→ Action item:
Every line from the one holding "Set Cadou „Accesorii" through the last line of the records must be retyped exactly, and no other line or picture may appear in the copy.

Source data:
++++

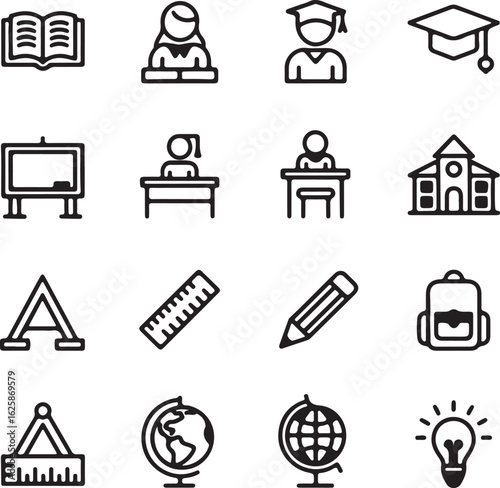 A collection of simple black and white line art icons representing education and learning including books students graduation caps and school buildings perfect for educational websites and presentatio
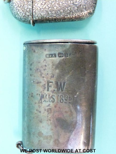 Three late Victorian hallmarked silver vestas, largest height 6cm
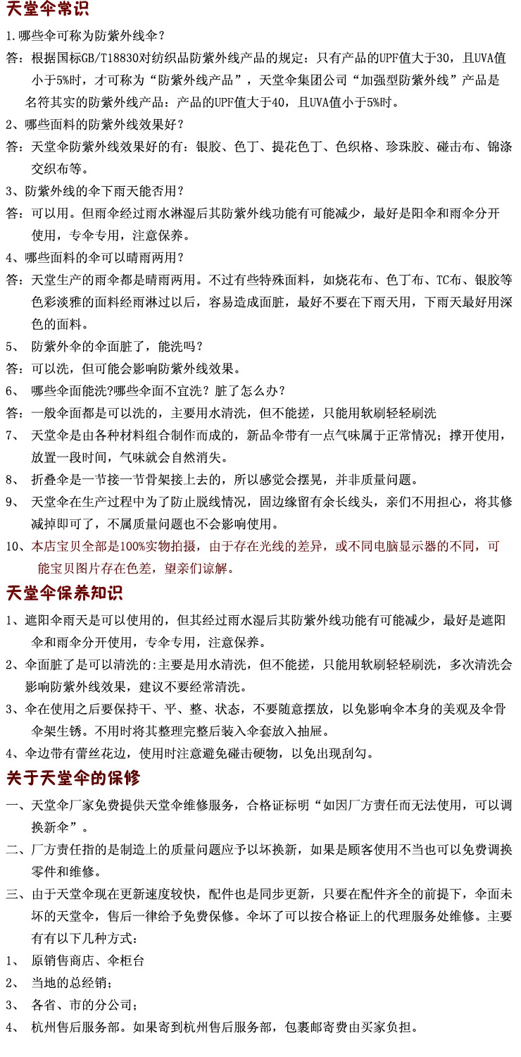 溫馨提示:因生產(chǎn)批次不同,天堂傘不斷升級換代,手柄和部分零件可能與圖片有所不同,
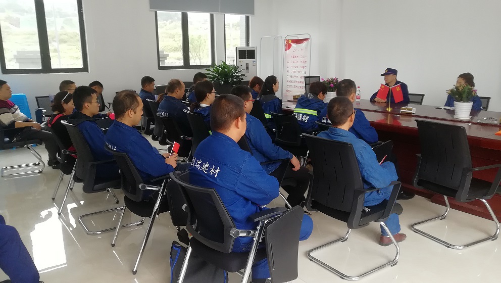 為加強(qiáng)消防知識(shí)培訓(xùn),提高安全意識(shí),檢驗(yàn)企業(yè)消防安全應(yīng)急預(yù)案和快速反應(yīng)機(jī)制,國瑞建材于2019年10月25日上午10時(shí),組織開展消防安全知識(shí)培訓(xùn)及演練活動(dòng)。合江縣消防救援大隊(duì)到現(xiàn)場(chǎng)培訓(xùn)和指導(dǎo)。
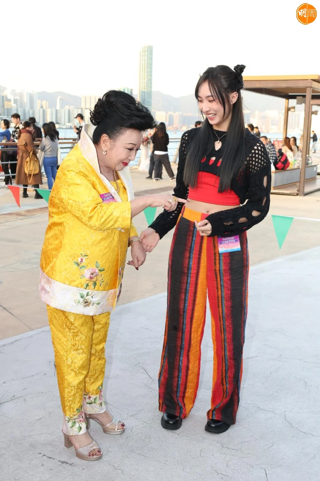 薛家燕及鍾柔美(Yumi)昨日(30日)出席中華人民共和國成立75周年曁海濱發展20周年慶祝典禮,並與75位小朋友跳唱《皆大歡喜》和表演十字步。家燕姐明年將度過75歲生辰,有不少影迷希望跟她舉辦生日會慶祝,不過她仍未決定,因為要等大女石祐珊從加拿大回港後才商量,她說:「因為筵開百席要物色場地,也要安排人手。」家燕姐稍後繼續為工作忙碌,既要拍攝賀年特輯,又要去多倫多開演唱會,更會與3歲的孫仔Julian一起拍攝護脊書包的廣告,並笑言孫仔第一次拍廣告便奉獻給嫲嫲,一定要給他封大利市。
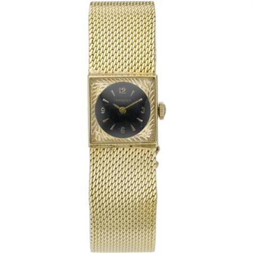<B>Longines Lady's 14k Gold Integral Bracelet Wristwatch</B></I><BR><BR>Case: 18 mm, square, 14k yellow gold with pressure sealed caseback<BR>Dial: black enamel with applied Arabic numerals at 3, 6, 9 & 12 o' clock positions together with Dart Hour Indexes, goldtone "Baton" hands, mineral crystal, marked Longines<BR>Movement: 17 jewels, unadjusted, manual wind reference #13948505, 410<BR>Bracelet: 14k yellow gold integral woven mesh bracelet with concealed box clasp and figure-8 safety; 6-3/4 inches<BR>Signed: triple signed Longines on the dial, movement and case<BR><BR><BR><BR><b>Shipping:</b> Miscellaneous Collectibles, Smal (<a target="_blank" href="http://www.heritageauctions.com/common/shipping.php">view shipping information</a>)
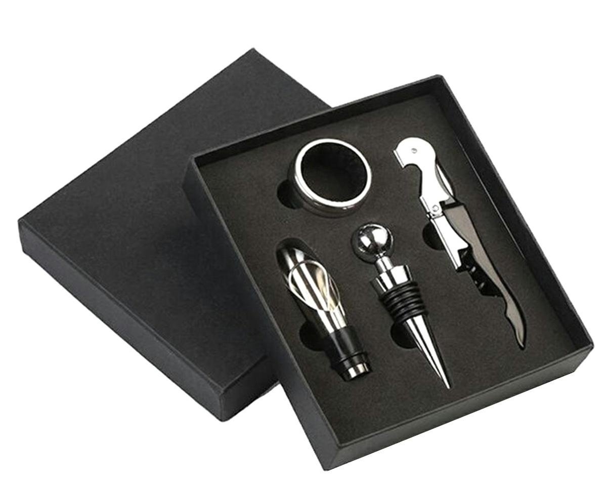 Set Cadou „Accesorii Vin, 4 piese” in cutie estetica, culoare Neagra
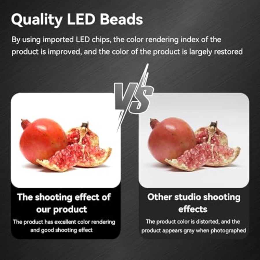 ✅ Built-In LED Lighting: BrightBox includes a built-in LED light strip that delivers even, neutral lighting. This eliminates harsh shadows and uneven tones, creating a clean, studio-quality look in every photo.

++++

→ Written reply:
 Set Cadou „Accesorii Vin, 4 piese” in cutie estetica, culoare Neagra
 ✅ Built-In LED Lighting: BrightBox includes a built-in LED light strip that delivers even, neutral lighting. This eliminates harsh shadows and uneven tones, creating a clean, studio-quality look in every photo.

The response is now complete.